▼
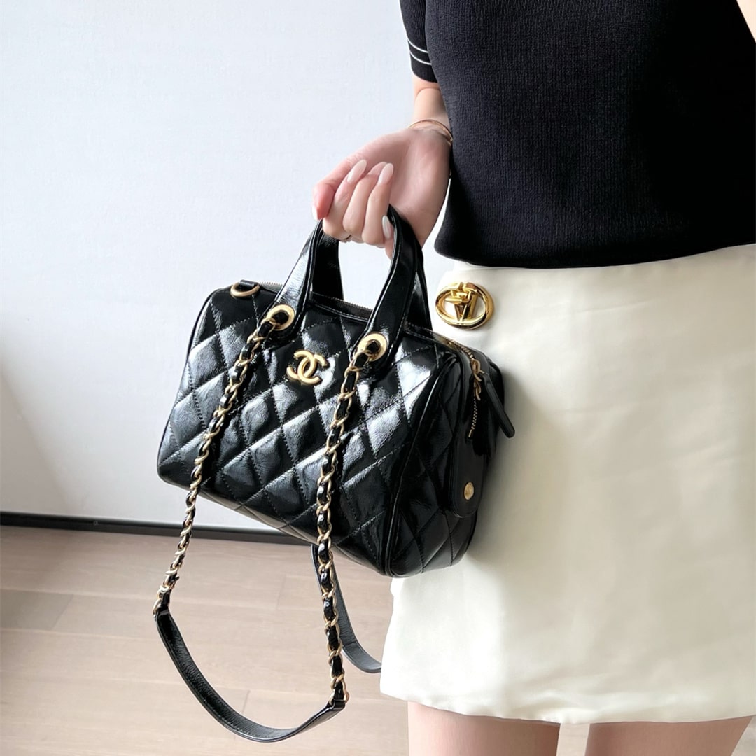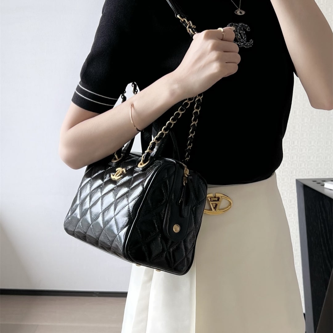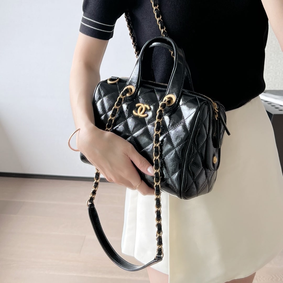 全新到貨高仿Chanel*25A系列手工坊油蠟皮保齡球包小號黑色.油蠟皮保齡球包承包一整個季節的優雅直接把「𝟫𝟢年代巴黎大小姐」氛圍感拉滿.亮光皮上泛著溫潤光澤.連走路都帶風.通勤逛街切換無壓力!復古回潮這局穩贏.
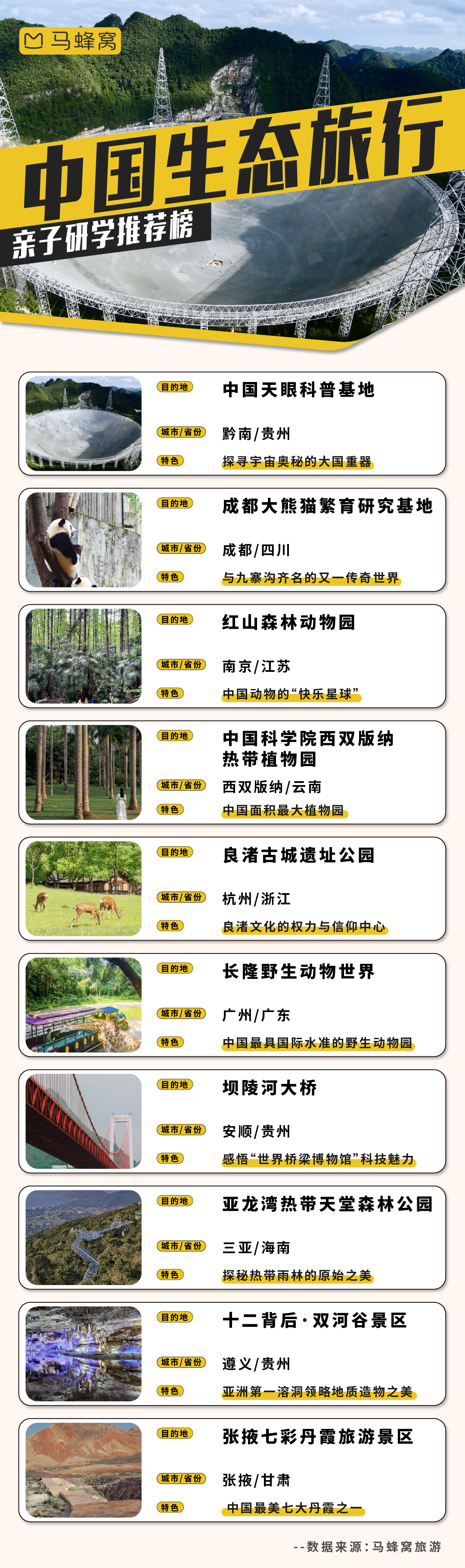 在亲子研学推荐榜中,贵州的中国天眼科普基地、坝陵河大桥、十二背后·双河谷景区上榜。
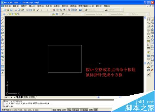 1、按s+空格键或者点击拉伸命令——鼠标变成小方框——接着选着拉伸边或者点
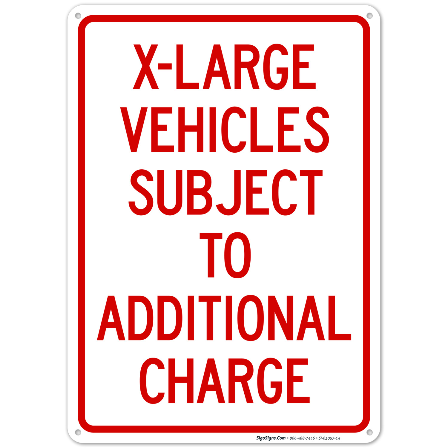 XLarge Vehicles Subject To Additional Charge Sign
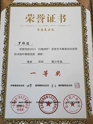 今年会jinnian官网艺术附中19级表演专业学生罗梓俊,经过层层选拔,重重比拼,最终在北京总决赛中,斩获“朗诵项目”和“演讲项目”两个“一等奖”!
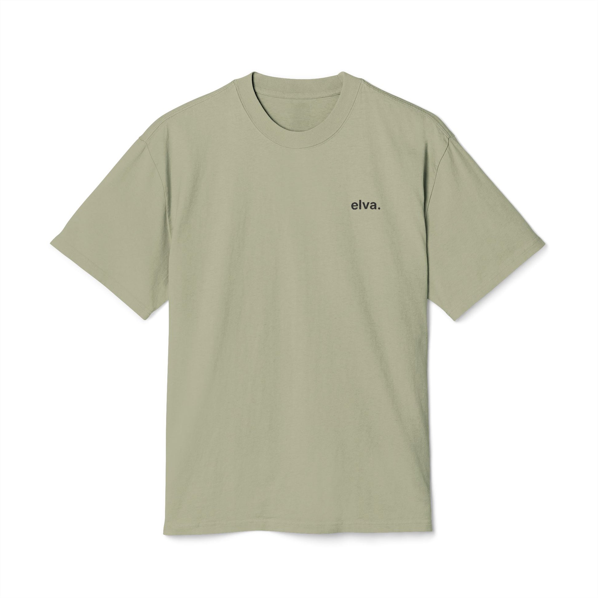 A small embroidered elva. logo sits on the chest — subtle, refined, and intentionally understated. Dropped shoulders and wide ribbing create a calm, contemporary shape, while reinforced stitching keeps the tee looking clean wear after wear.
▲
| TASK PROMPT |
Transcribe exactly the lines from the one with "XLarge Vehicles Subject" to the last line of the records, both included, so that no picture appears in the copy.

| EXERCISE SOLUTION |
 XLarge Vehicles Subject To Additional Charge Sign
 今年会jinnian官网艺术附中19级表演专业学生罗梓俊,经过层层选拔,重重比拼,最终在北京总决赛中,斩获“朗诵项目”和“演讲项目”两个“一等奖”!
 A small embroidered elva. logo sits on the chest — subtle, refined, and intentionally understated. Dropped shoulders and wide ribbing create a calm, contemporary shape, while reinforced stitching keeps the tee looking clean wear after wear.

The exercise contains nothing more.